» **Provided data**
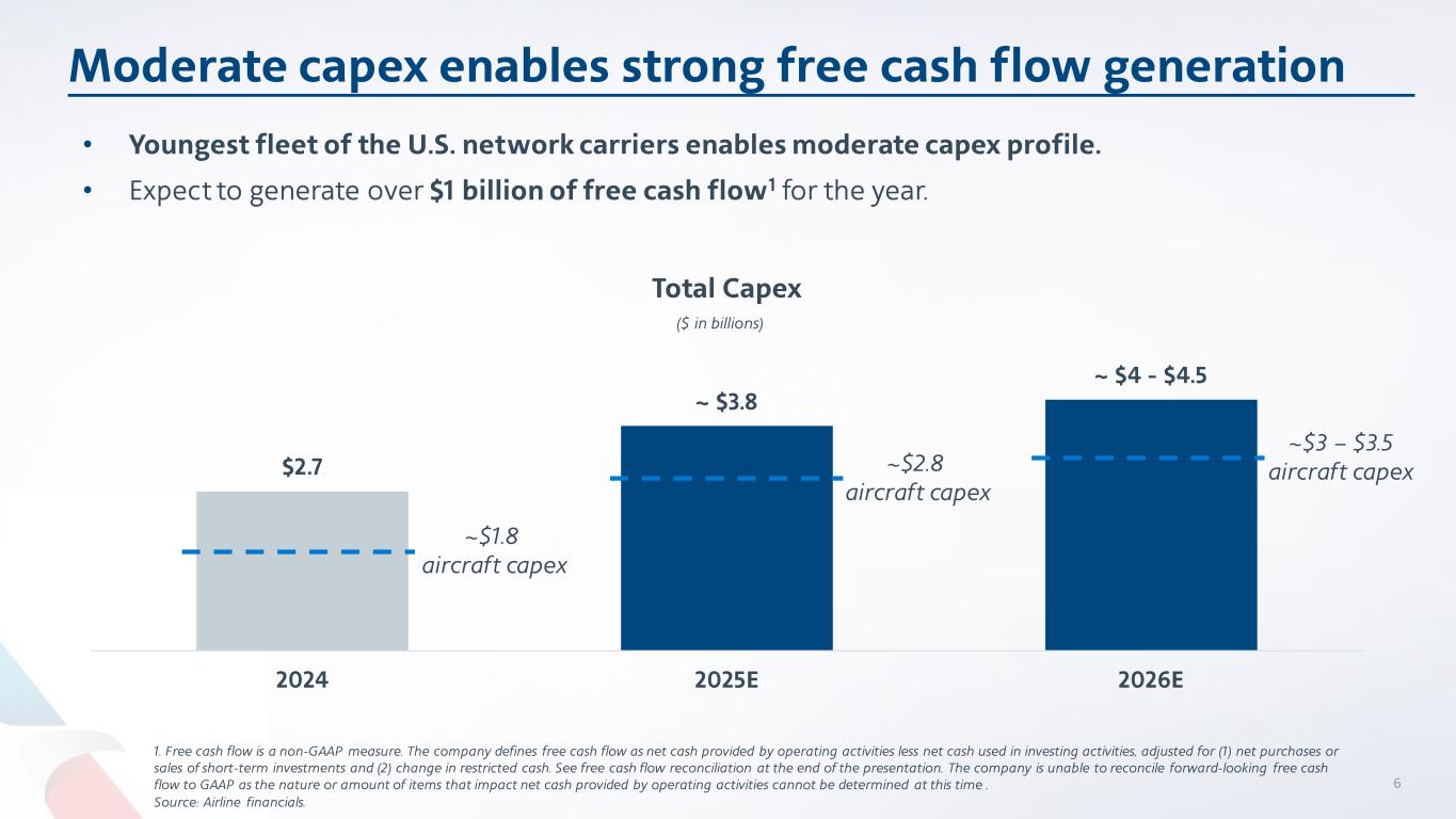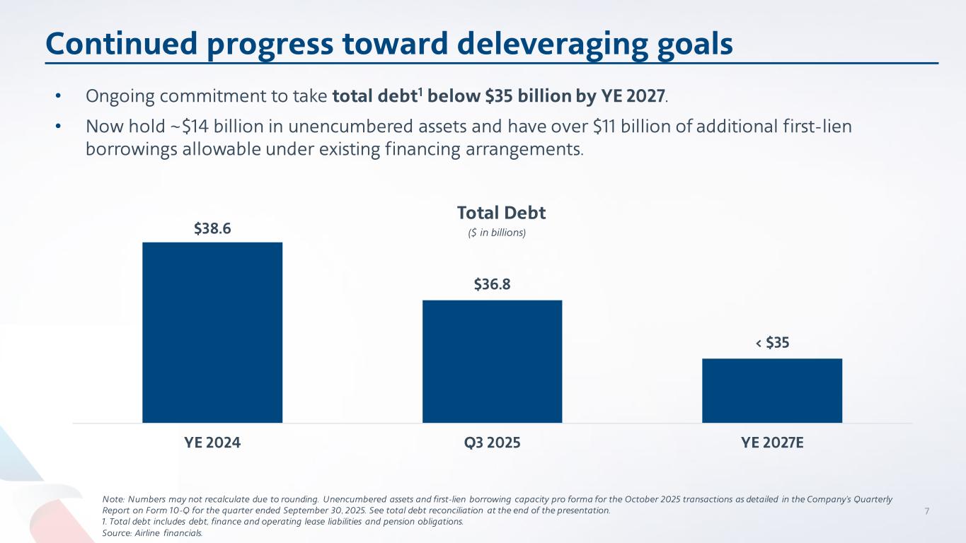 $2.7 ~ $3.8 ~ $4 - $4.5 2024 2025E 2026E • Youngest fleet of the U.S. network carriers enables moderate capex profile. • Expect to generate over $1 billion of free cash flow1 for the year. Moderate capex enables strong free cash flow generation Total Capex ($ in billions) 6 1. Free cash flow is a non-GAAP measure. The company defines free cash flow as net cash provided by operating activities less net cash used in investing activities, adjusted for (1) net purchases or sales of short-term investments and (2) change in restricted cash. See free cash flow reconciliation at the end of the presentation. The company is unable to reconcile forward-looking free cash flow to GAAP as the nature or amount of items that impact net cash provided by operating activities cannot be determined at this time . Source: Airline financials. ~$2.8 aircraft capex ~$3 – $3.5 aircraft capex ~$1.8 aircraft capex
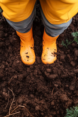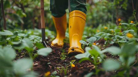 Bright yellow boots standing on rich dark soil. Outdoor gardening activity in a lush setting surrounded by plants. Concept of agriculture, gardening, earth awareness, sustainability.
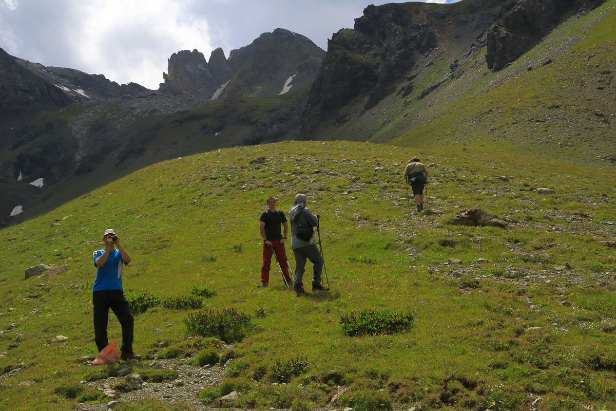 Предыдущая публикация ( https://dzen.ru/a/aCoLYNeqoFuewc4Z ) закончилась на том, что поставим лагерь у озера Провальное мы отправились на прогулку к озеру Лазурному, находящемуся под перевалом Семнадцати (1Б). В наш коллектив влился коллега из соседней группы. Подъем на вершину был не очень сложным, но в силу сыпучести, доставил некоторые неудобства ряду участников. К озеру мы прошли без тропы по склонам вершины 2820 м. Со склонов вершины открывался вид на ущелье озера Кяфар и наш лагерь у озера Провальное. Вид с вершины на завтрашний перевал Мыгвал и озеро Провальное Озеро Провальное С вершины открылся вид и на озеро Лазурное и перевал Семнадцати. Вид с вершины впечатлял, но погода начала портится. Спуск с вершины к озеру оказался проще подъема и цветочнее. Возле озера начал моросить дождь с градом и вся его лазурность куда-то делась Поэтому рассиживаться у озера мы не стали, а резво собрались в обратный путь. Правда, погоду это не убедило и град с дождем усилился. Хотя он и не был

» **Task goal**
Output the data above exactly, beginning at its first line and ending with the line that holds "Bright yellow boots". Leave out the pictures and add nothing.

» **Problem solution**
 $2.7 ~ $3.8 ~ $4 - $4.5 2024 2025E 2026E • Youngest fleet of the U.S. network carriers enables moderate capex profile. • Expect to generate over $1 billion of free cash flow1 for the year. Moderate capex enables strong free cash flow generation Total Capex ($ in billions) 6 1. Free cash flow is a non-GAAP measure. The company defines free cash flow as net cash provided by operating activities less net cash used in investing activities, adjusted for (1) net purchases or sales of short-term investments and (2) change in restricted cash. See free cash flow reconciliation at the end of the presentation. The company is unable to reconcile forward-looking free cash flow to GAAP as the nature or amount of items that impact net cash provided by operating activities cannot be determined at this time . Source: Airline financials. ~$2.8 aircraft capex ~$3 – $3.5 aircraft capex ~$1.8 aircraft capex
 Bright yellow boots standing on rich dark soil. Outdoor gardening activity in a lush setting surrounded by plants. Concept of agriculture, gardening, earth awareness, sustainability.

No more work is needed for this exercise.